Below is a listing. Write out exactly its lines between the one holding "- MALONE, A., MELDRUM, D., GLEESON, J., &" and the one holding "Tintnut American Flag", inclusive.

> _Records shown_:
━━━━━━━━━━━━━━━━

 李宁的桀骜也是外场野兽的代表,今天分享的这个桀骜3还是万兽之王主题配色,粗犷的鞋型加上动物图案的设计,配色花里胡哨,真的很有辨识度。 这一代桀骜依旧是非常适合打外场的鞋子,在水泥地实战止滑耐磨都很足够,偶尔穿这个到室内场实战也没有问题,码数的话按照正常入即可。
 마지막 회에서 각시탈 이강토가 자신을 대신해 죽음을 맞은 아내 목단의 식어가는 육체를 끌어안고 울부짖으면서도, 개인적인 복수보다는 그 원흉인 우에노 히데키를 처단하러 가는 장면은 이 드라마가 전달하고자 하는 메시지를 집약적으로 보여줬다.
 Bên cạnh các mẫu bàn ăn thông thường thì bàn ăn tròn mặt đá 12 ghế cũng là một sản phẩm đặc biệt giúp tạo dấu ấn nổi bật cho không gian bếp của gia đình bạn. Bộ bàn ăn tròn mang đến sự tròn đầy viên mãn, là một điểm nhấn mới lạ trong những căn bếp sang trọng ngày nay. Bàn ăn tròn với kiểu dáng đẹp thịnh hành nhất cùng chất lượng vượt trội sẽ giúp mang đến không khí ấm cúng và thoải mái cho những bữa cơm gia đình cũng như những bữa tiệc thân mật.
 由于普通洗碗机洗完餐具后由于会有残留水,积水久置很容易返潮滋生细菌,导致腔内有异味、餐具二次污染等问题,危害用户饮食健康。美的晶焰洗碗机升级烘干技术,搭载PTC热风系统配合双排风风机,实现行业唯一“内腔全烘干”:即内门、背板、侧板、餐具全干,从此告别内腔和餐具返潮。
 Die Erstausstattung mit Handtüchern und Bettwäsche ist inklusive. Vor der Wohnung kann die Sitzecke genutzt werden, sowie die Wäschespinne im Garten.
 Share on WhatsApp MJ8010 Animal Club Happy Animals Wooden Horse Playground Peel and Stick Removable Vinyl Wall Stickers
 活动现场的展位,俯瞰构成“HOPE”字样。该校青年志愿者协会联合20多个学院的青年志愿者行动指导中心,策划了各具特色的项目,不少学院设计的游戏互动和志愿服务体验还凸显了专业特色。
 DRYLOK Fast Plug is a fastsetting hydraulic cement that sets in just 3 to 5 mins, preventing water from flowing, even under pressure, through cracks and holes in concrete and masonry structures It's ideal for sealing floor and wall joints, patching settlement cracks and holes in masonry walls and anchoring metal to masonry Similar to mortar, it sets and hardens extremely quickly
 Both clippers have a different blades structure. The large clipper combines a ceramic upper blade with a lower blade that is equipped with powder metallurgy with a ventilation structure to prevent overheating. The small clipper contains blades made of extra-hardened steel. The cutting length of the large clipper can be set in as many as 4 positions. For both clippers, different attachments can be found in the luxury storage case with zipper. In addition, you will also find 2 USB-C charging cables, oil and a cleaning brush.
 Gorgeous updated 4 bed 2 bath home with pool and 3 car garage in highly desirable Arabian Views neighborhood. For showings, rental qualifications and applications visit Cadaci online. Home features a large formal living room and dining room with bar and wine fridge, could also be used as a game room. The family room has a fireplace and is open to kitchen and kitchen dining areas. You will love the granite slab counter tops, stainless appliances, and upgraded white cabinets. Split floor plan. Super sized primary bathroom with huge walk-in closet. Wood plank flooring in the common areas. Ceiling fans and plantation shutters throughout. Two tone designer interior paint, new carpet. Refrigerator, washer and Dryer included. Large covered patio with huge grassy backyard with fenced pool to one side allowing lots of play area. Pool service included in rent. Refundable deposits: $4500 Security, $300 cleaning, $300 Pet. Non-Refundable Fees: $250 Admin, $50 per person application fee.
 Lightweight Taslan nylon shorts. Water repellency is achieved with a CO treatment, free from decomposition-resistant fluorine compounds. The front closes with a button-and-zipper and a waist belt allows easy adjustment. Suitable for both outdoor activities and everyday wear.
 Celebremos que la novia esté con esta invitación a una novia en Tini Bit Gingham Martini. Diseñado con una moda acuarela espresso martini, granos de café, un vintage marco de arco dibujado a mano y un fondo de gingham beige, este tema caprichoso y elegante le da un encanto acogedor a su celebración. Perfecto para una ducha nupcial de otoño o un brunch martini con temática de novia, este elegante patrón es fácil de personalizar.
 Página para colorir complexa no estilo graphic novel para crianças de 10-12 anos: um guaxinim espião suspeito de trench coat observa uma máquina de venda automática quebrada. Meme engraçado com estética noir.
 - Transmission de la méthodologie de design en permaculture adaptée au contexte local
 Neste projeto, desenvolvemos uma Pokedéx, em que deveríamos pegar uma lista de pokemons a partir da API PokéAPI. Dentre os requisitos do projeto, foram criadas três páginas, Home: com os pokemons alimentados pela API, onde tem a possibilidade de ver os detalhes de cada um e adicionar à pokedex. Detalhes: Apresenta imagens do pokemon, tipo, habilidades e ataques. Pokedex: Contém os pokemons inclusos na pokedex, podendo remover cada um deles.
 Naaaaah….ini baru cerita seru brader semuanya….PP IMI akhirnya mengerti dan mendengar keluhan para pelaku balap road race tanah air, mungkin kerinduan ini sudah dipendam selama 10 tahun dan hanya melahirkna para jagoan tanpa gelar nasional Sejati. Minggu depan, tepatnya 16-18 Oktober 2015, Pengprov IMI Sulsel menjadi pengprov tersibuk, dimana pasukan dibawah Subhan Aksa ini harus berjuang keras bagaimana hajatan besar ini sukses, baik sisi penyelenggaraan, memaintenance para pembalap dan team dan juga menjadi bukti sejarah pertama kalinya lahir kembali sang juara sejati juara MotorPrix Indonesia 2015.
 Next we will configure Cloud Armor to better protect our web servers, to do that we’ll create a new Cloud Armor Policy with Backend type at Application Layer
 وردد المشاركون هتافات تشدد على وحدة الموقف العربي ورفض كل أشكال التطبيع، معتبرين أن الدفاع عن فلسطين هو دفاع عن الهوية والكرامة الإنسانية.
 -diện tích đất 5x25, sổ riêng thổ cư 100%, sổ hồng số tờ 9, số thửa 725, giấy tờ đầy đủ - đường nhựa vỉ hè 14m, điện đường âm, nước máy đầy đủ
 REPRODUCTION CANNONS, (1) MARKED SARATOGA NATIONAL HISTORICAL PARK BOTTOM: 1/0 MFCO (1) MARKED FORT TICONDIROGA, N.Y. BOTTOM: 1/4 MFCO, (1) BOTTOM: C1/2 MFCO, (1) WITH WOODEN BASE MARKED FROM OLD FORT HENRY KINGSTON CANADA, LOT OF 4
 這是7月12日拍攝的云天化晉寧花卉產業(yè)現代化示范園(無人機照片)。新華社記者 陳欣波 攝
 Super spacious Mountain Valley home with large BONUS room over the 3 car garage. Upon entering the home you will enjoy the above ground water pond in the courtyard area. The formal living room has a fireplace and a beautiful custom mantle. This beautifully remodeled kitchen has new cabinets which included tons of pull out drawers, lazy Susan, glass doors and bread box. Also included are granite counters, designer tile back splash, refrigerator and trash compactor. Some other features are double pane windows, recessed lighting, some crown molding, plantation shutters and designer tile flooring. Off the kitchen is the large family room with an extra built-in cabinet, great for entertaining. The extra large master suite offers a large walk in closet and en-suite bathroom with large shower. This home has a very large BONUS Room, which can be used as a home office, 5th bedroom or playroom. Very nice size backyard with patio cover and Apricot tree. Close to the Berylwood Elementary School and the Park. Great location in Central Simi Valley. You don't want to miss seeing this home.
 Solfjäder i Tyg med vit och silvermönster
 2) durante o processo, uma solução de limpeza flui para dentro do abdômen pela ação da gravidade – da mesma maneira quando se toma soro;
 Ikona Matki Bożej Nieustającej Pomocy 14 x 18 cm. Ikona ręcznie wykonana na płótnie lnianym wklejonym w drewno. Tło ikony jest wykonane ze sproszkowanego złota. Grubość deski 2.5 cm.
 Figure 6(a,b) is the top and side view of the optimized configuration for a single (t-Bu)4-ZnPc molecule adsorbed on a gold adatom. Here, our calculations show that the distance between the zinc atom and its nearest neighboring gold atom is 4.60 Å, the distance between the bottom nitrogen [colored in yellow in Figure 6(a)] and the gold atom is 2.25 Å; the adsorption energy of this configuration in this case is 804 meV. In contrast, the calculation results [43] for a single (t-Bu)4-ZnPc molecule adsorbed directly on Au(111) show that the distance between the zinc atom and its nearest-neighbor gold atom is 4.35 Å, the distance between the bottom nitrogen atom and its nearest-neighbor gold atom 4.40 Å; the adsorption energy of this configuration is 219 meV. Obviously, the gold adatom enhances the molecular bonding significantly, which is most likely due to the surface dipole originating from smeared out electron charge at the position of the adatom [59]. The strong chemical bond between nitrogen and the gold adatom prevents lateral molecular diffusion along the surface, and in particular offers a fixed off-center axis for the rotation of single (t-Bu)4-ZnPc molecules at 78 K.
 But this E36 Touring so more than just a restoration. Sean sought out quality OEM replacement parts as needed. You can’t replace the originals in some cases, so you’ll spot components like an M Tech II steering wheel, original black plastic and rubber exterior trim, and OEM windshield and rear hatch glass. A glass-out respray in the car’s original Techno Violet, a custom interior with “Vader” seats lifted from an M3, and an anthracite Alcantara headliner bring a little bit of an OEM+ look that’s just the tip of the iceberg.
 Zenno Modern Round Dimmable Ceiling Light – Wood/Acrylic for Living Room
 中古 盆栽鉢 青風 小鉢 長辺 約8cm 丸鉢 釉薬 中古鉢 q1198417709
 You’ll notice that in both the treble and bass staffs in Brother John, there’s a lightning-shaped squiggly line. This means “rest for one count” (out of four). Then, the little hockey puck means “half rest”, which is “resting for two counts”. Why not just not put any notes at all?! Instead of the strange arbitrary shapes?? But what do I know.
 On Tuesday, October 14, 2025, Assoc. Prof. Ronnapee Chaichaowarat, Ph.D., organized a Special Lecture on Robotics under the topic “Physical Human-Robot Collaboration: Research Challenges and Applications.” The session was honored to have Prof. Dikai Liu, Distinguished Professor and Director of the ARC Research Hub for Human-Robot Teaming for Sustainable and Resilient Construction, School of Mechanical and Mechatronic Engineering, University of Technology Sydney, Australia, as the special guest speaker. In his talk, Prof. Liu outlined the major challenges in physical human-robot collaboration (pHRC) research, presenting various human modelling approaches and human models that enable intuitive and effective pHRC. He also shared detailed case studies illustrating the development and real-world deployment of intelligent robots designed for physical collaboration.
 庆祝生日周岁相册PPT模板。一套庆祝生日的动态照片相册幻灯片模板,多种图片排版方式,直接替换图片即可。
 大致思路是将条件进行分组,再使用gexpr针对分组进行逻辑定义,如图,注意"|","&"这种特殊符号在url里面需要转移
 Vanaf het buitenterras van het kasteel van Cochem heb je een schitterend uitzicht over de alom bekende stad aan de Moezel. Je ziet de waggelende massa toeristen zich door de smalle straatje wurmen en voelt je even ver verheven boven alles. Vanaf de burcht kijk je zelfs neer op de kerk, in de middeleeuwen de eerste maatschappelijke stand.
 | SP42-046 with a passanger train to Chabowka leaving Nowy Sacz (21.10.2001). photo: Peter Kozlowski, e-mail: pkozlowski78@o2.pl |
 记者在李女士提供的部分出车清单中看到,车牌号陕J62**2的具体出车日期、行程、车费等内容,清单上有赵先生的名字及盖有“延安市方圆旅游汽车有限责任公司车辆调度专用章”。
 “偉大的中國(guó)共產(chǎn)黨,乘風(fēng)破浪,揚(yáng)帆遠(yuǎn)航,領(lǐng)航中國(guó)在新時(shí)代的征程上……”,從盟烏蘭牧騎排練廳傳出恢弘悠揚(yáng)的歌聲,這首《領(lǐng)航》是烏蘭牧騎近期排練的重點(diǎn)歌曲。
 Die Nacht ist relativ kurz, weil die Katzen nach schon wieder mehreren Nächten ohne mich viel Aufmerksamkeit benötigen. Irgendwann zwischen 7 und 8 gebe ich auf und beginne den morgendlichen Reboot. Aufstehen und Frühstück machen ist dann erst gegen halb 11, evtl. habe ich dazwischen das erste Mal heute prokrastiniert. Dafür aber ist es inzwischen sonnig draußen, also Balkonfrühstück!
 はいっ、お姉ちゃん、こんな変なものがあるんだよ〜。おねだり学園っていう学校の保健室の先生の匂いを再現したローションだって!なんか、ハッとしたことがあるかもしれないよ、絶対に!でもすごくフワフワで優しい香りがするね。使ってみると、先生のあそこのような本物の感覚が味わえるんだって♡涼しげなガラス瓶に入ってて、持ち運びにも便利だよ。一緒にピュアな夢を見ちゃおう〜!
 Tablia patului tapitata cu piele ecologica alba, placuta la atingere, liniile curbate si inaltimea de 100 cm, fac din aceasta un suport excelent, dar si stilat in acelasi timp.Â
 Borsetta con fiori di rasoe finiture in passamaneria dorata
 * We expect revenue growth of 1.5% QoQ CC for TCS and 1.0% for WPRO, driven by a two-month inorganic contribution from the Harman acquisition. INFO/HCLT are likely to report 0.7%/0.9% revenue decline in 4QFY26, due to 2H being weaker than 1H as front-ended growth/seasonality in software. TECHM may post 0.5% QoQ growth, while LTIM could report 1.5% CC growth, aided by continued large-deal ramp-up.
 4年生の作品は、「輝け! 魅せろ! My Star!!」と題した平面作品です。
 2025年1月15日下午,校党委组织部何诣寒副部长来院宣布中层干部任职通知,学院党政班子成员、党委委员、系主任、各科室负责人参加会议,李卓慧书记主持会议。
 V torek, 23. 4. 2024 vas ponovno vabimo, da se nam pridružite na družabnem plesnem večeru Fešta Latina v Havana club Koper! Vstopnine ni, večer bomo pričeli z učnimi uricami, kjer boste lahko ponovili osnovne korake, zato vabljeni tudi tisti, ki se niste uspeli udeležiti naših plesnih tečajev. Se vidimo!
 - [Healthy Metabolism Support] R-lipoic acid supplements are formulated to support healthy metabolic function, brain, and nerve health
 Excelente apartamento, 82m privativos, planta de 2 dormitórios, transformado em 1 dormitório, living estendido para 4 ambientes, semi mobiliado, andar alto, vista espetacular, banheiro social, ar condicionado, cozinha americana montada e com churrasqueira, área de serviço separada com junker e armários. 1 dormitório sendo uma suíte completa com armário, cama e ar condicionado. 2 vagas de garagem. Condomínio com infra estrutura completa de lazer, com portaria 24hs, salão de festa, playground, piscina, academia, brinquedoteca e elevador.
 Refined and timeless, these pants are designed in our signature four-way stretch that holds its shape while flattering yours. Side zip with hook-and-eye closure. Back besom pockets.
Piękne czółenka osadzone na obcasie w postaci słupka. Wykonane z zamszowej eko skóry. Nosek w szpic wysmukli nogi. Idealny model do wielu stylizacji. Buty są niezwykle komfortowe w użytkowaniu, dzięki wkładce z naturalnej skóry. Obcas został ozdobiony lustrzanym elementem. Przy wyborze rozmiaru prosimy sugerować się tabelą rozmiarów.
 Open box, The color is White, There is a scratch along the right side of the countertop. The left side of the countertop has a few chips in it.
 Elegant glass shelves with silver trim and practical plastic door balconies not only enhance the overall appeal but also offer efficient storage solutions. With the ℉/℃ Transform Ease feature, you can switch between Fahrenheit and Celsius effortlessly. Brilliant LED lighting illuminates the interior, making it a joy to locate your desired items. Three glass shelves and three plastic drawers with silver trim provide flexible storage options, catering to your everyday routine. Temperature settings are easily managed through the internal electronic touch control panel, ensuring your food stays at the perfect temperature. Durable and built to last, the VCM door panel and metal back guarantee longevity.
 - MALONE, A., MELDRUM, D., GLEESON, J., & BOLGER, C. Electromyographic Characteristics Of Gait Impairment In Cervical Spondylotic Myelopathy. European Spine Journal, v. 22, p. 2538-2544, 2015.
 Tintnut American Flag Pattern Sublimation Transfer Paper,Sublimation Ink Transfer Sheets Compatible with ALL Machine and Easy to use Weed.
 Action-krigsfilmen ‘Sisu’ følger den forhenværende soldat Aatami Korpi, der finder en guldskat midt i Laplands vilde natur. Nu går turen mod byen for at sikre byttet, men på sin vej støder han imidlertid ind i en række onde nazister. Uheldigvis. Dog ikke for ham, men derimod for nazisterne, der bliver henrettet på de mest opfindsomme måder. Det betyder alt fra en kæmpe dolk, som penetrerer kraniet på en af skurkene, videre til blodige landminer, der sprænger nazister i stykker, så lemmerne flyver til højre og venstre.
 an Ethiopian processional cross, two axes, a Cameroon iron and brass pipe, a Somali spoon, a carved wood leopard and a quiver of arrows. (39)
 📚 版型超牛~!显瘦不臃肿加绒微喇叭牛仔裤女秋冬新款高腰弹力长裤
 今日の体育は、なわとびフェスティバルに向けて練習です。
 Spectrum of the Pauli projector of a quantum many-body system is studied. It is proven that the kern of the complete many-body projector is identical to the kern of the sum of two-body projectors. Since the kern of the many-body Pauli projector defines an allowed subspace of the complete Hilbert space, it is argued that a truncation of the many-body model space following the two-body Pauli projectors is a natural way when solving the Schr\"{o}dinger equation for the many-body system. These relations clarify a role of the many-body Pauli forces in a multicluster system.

━━━━━━━━━━━━━━━━

> _The answer_:
 - MALONE, A., MELDRUM, D., GLEESON, J., & BOLGER, C. Electromyographic Characteristics Of Gait Impairment In Cervical Spondylotic Myelopathy. European Spine Journal, v. 22, p. 2538-2544, 2015.
 Tintnut American Flag Pattern Sublimation Transfer Paper,Sublimation Ink Transfer Sheets Compatible with ALL Machine and Easy to use Weed.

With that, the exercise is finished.